Juana Rosa, cumbiambera soberana,
Juana Rosa, estrella de la mañana. (bis).
Fandango o Cumbiamba sin Justiniana, no
era fiesta. Así como la lucha por la vara
de premios, la competencia de nado en el
río Magdalena, los torneos de boxeo y la
carrera de sacos que se hacían en las
fiestas paganas de la celebración del día
de la Virgen de la Candelaria, eran
apenas competencias de aficionados sin la
Caneca o Machorra, así cualquier fiesta
popular era una danza sin velas
encendidas sin Justiniana. -"La buena
bailarina de cumbia avanza en su danza
sin levantar los pies del suelo y moviendo
cadenciosamente la cadera, en la mano el
paquete de esperma encendido y un aire
de majestuosidad que no se aprende, sino
que nace con una "- decía a cuantos la
quisieran escuchar, -"Miren estos
movimientos, miren esta cadera, miren mi
cara... "- enseñaba Justiniana a todos los
que quisieron aprender a bailar con ella.
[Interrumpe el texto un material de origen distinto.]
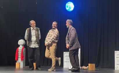 Nüktedan Kültür Sanat tarafından sahnelenen tek perdelik "Evlen Zaman İçinde" oyunu Esenler Dr. Kadir Topbaş Kültür ve Sanat Merkezi'nde izleyicisiyle buluştu. Oyuncular Fatih Mehmet Koç (solda) ve AA muhabirine açıklamalarda bulundu.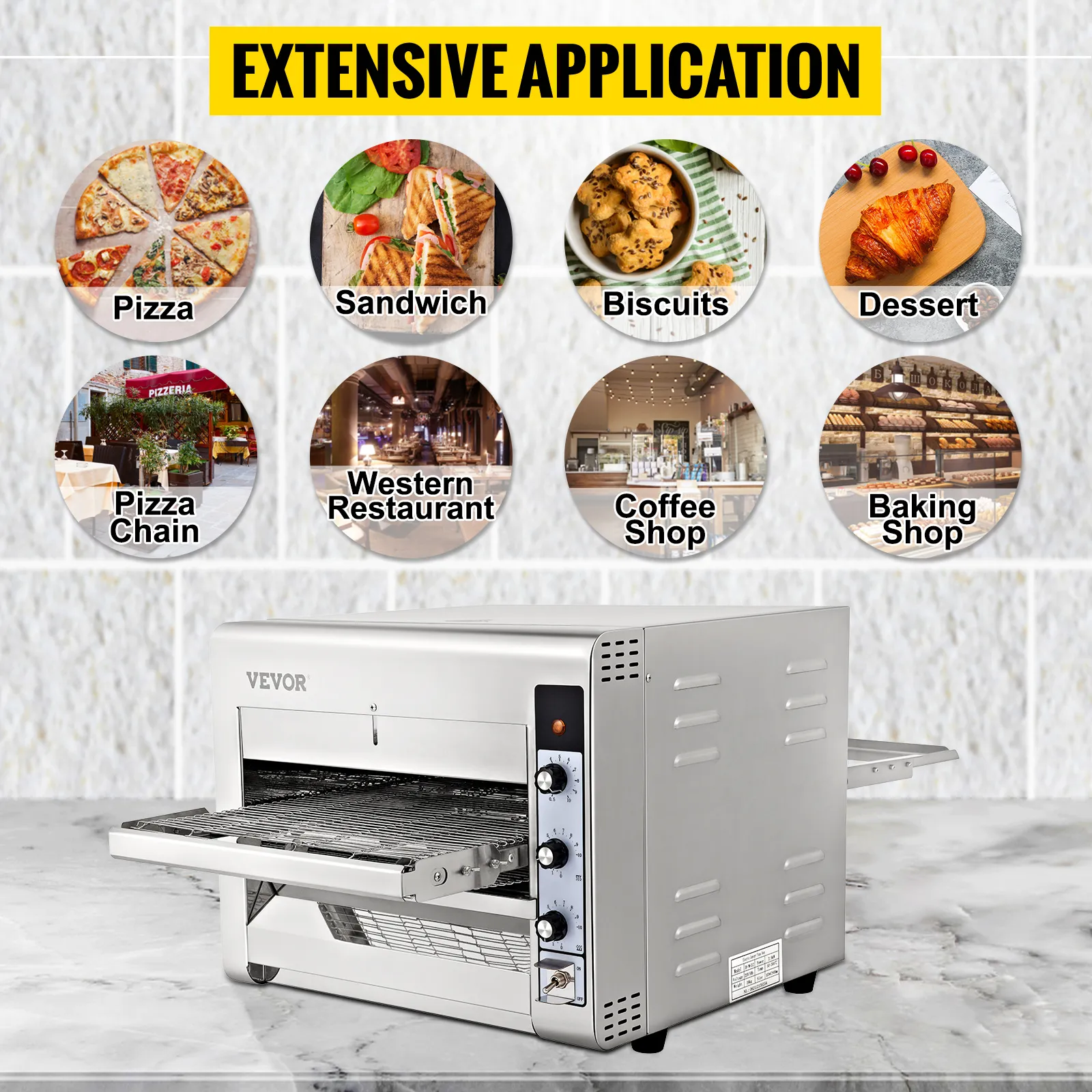 Es la única opción para cocinas comerciales, panaderías y pizzerías. Puede hornear deliciosas pizzas rápidamente para sus necesidades de catering. También se puede usar para hacer galletas, pan, sándwiches y otros bocadillos.
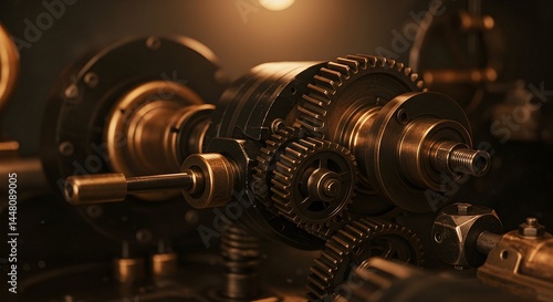 Gears and Cogs Rotating in a Complex Machine Close Up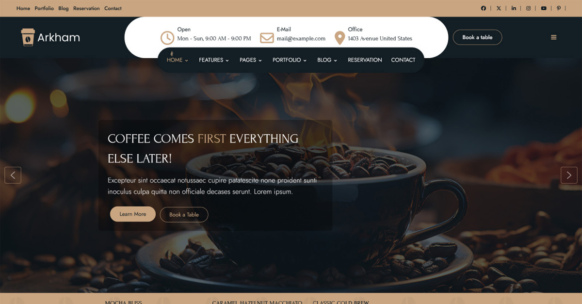 Arkham – лучший шаблон Joomla для кофейни и кофейного магазина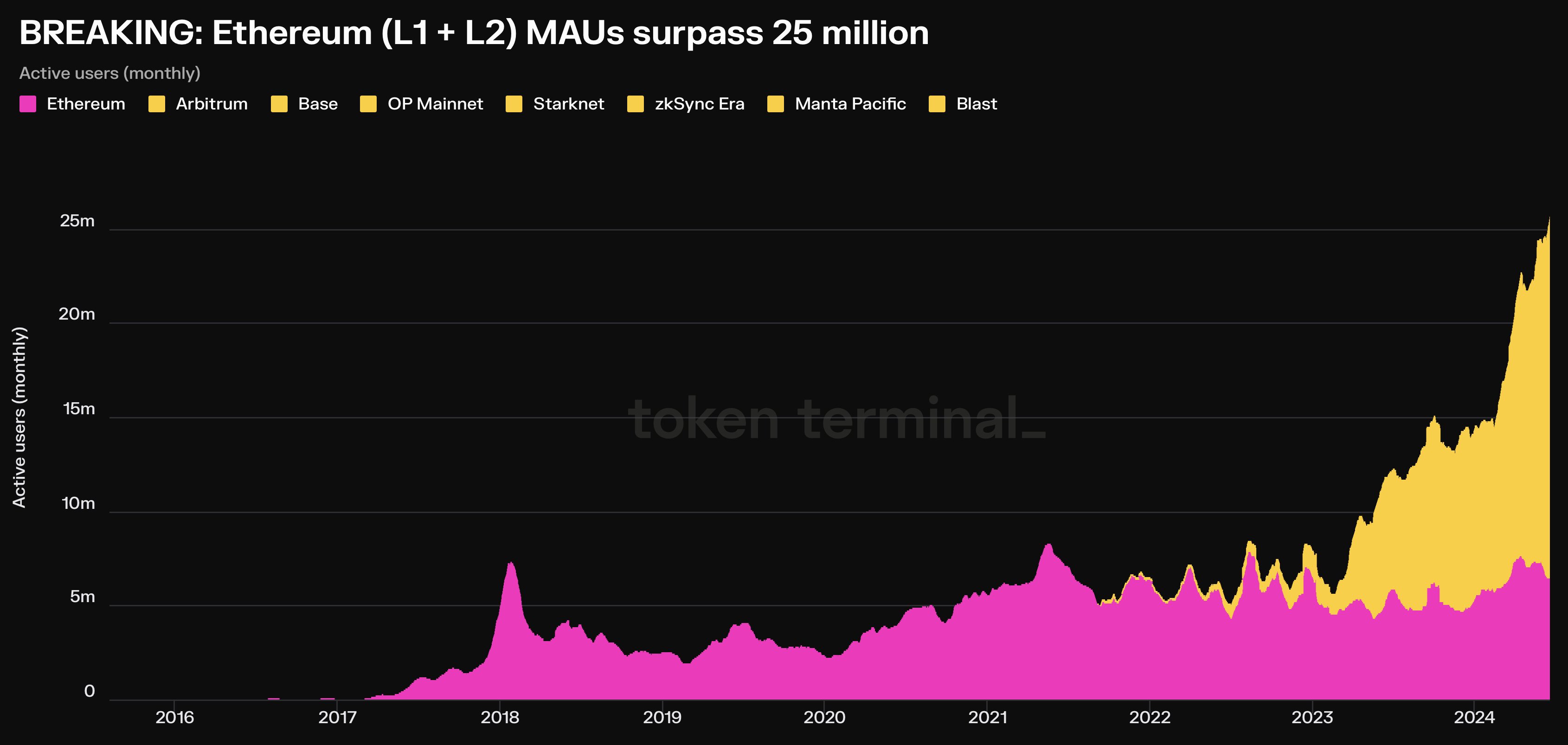 Các chuỗi Layer 1 và Layer 2 của Ethereum đã ghi nhận sự gia tăng hoạt động nhất quán trong năm 2024. Số lượng người dùng hoạt động hàng tháng (MAU) đã vượt qua mốc 25 triệu theo dữ liệu từ Token Terminal.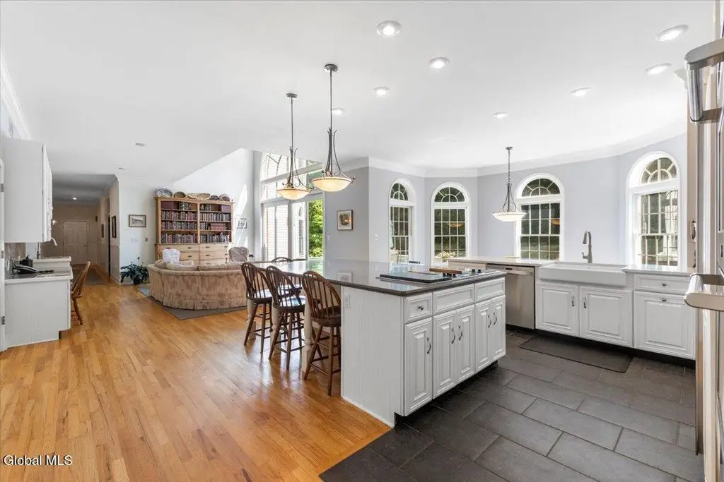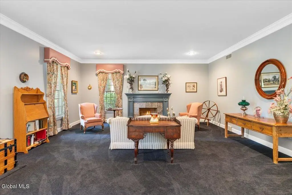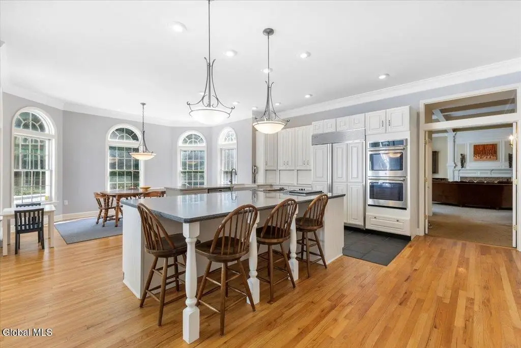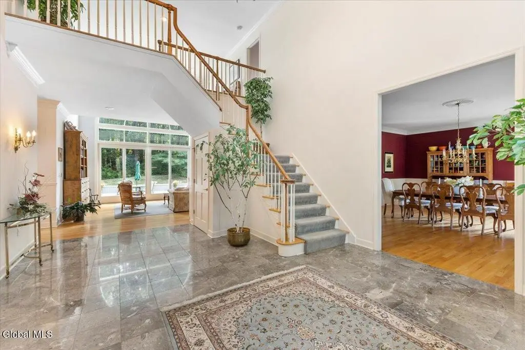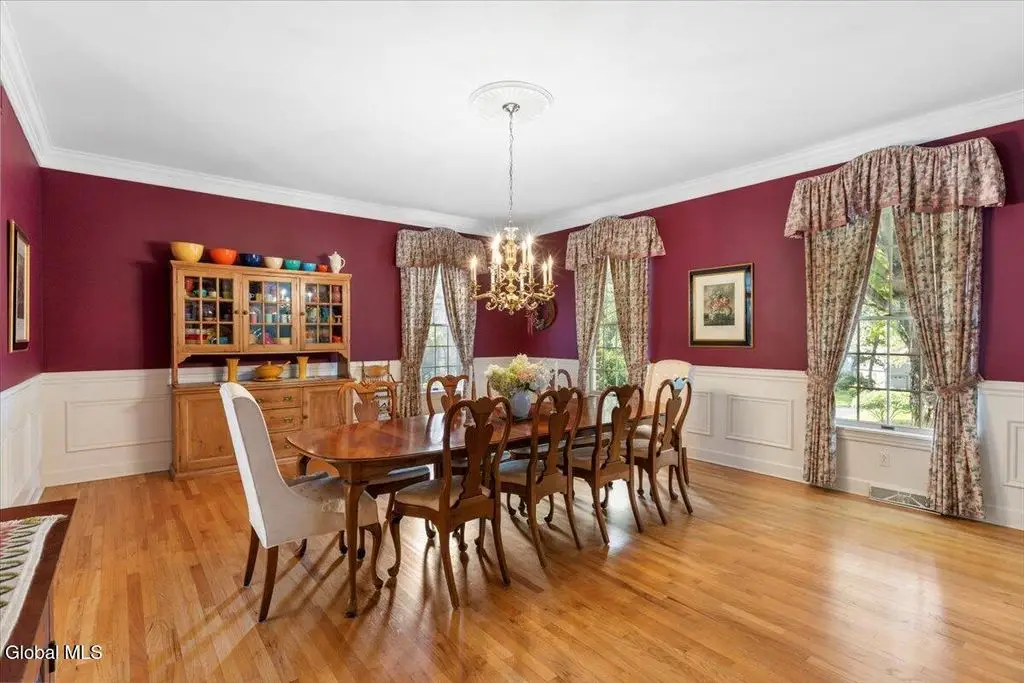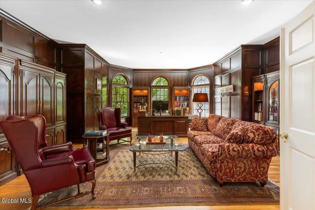 This spectacular custom home sits on a private two-acre lot and showcases exceptional quality and thoughtful design throughout. The impressive two-story foyer leads to formal living and dining rooms, while the great room features a soaring palladium window and atrium doors opening to a secluded yard and in-ground pool. Each spacious bedroom includes an en suite bath, and the elegant office boasts solid cherry cabinetry with birch wall paneling. Additional highlights include a family room with access to the back deck and pool, whole-house generator, dual furnaces & water heaters, a security system and a three-car garage. Located in a serene neighborhood of custom homes, just minutes from Saratoga Race Track, Saratoga Spgs & I-87 and is served by the award-winning Saratoga school district.
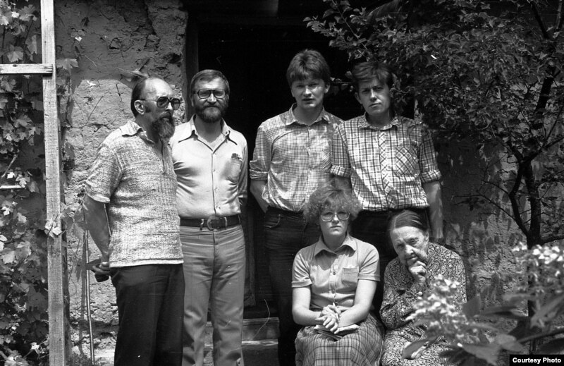 У Зоські Верас у “лясной хатцы”. Вільня, лета 1983 году. Стаяць Лявон Луцкевіч, Пётра Садоўскі, Сяргей Шупа і Сяргей Мурашка. Сядзяць Тацяна Сапач і Зоська Верас.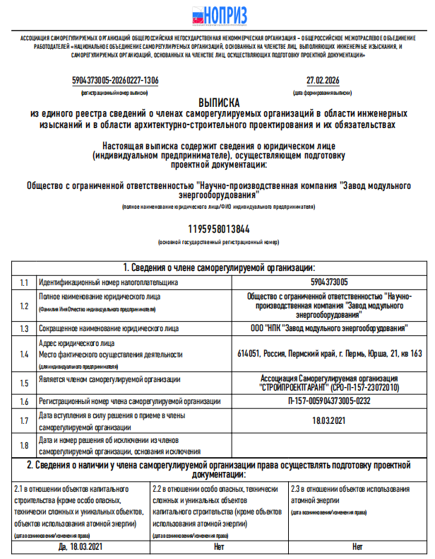 Лицензии и сертификаты Группы Компаний НПК «Завод модульного энергооборудования»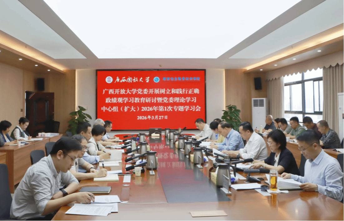 党委宣传部 报道 3月27日,学校党委开展树立和践行正确政绩观学习教育读书班暨党委理论学习中心组(扩大)2026年第1次专题学习集中研讨,深入学习贯彻习近平总书记关于树立和践行正确政绩观的重要论述,认真贯彻落实习近平总书记关于广西工作论述的重要要求,深刻把握“政绩为谁而树、树什么样的政绩、靠什么树政绩”这个根本问题,进一步增强树立和践行正确政绩观的政治自觉、思想自觉、行动自觉,为推动学校“十五五”良好开局奠定坚实思想基础。学校党委书记邹勇主持会议并讲话。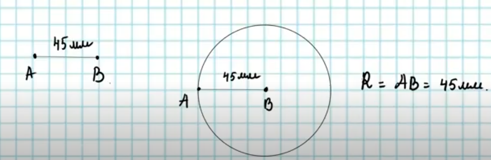 сала аламын Ұзындығы 45 мм болатын кесінді сыз. Оның ұштарын А және В әріптерімен белгіле. А нүктесінен радиусы кесіндінің ұзындығына тең щеңбер сыз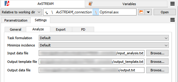 In the dialog box, open an existing AxSTREAM project file (*.axx).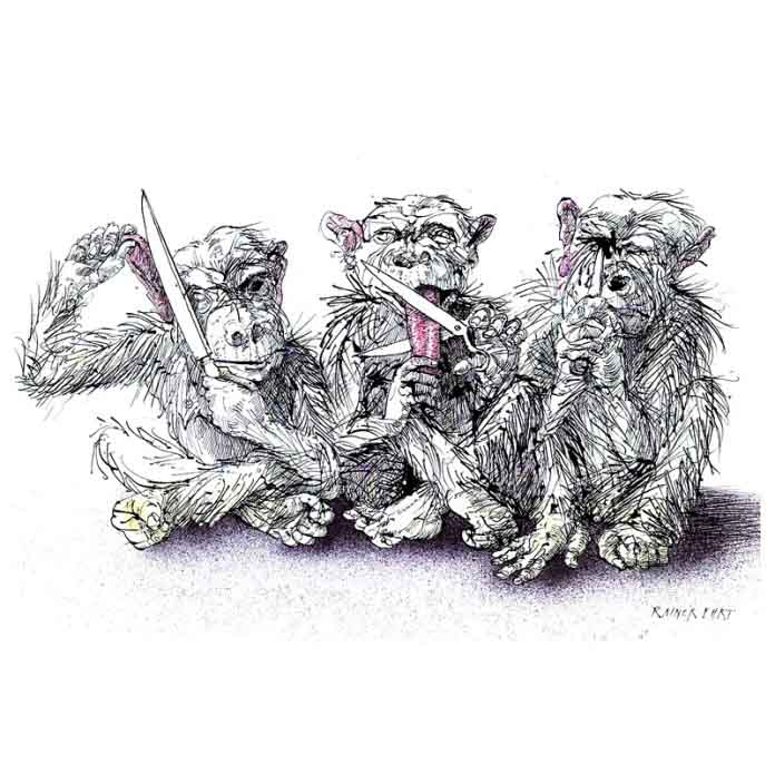 我想,首先是因为他有更多的几十项大奖属于自己独立的创意,再者他有着自己个性鲜明的成熟的艺术表现语言。这些组委会的评委们是明智的、宽容的。他们很清楚漫画这个“玩智慧”的画种只要有一天存在就不会绝对避免“撞车现象”,画得越多,出现撞车的可能性就越大、雷同作品数量就会更多。因为漫画与其他艺术门类相比较,其他艺术门类思想更宽泛,他们可以表现多个面、多个空间,多条线,最多精确到一条线、多个点,而漫画构思必须最后精确到一个点--幽默点。我们都清楚:这很难!所以,评委们对漫画艺术创作都有着深刻的体会和理解,他们相信加托先生的人品,一个成熟的漫画艺术家不会故意抄袭别人的创意,因为他有更多的属于自己的智慧之作在不断呈现给读者。我本人也仍然相信他的人、他的画是属于自己的,生命个体生活在相似的环境中,艺术创作里偶然的灵感呈现发生在不同的生命视野中而出现相似是必然的。我觉得任何一个漫画人只要终生致力于漫画艺术创作就逃不过思想“撞车”的发生,纵观国内外漫画创作领域,又有哪个创作者能够绝对避免呢?即使今天没有,也许明天就会出现。对故意抄袭现象我也是深恶痛绝的!坚决不做“贼人”,尽一切可能避开“撞别人”就够了!一旦发生就平静的接受由此带来的后果,悄悄对着自己的良心说:“我不是故意的……”,坦然听从“天命”……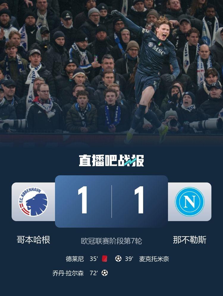 那不勒斯1-1十人哥本哈根,麦克托米奈破门。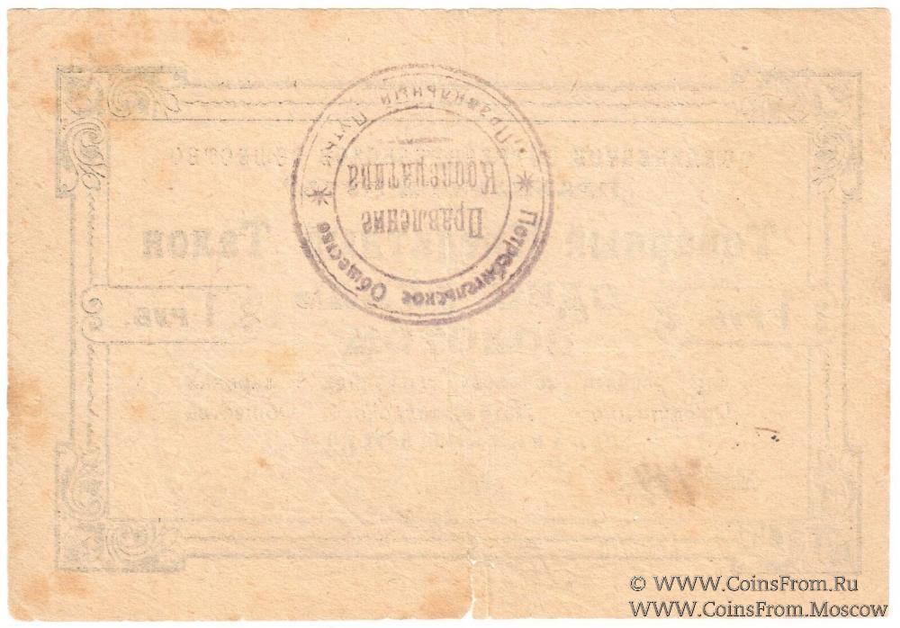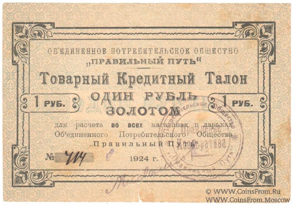 Товарный кредитный талон (золотом). Печать на реверсе. Подпись под цвет печати - фиолетовая. Объединенное потребительское общество "Правильный путь".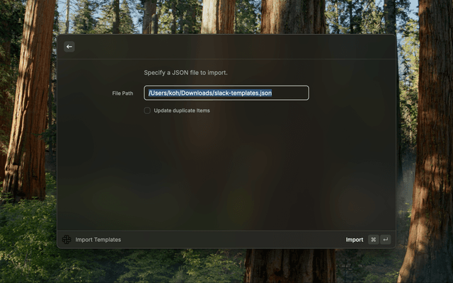 2. Templates will be exported to ~/Downloads/slack-templates.json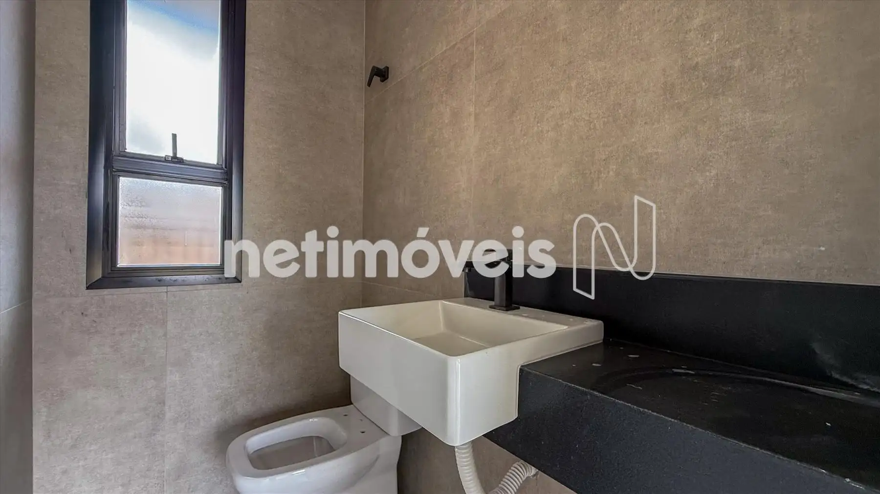 A cozinha é clara, arejada e funcional, equipada com bancada em granito negro, ideal para quem valoriza praticidade sem abrir mão da elegância. Ao lado, a área de serviço oferece organização e praticidade ao dia a dia.

Era incansable. Bailaba toda la noche sin
descansar, consumiendo paquete de
esperma tras paquete
de esperma. Yo no sé
si la esperma derretida
que caía en sus manos
la quemaba o no. Ella
bailaba extasiada por
el llamador, por el
tambor mayor, por el
guache y,
especialmente, por la
flauta´e millo que la
transportaba yo no se
adonde. Si era
elegante llevando su
chaza en la cabeza, en la cumbiamba era
majestuosa, inconmensurable...
Los muchachos íbamos a todos estos
eventos, además de a verrochar, a ver
bailar a Juana Rosa, a Genoveva, a
Justiniana, a la Copona, a Juanchito- el
cumbiambero del barrio El Banquito- al
burrito Arias, Amaranto de León, el único
magnífico acordeonero del pueblo, a Félix
Mozo y a otros que no recuerdo su
nombre. Allí aprendíamos los secretos de
nuestros bailes y nuestra música.
Transcurrieron años y años. Fuimos
creciendo. Siempre le comprábamos
dulces a Justiniana. Ella vivía de su
negocio y nosotros éramos felices. Su
fama de peleadora parlanchina fue
creciendo hasta el punto que en la plaza
del Palacio Municipal levantaron en
granito pulido un obelisco que la gente
dice es la lengua de Justiniana y llega más
arriba del cuarto piso. Seguimos
creciendo y salimos del pueblo a seguir
nuestros estudios. Unos a Bogotá, otros a
Tunja, Ocaña, Barranquilla. Mis
hermanos y yo, a Santa Marta. Después
de muchos años sin ir al pueblo, regreso y
lo primero que se me ocurre preguntar a
mi hermano es: -"Joselito, qué hay de
Justiniana?" -"Por ahí está. Ya no vende
dulces. Ahora tiene una casa de putas".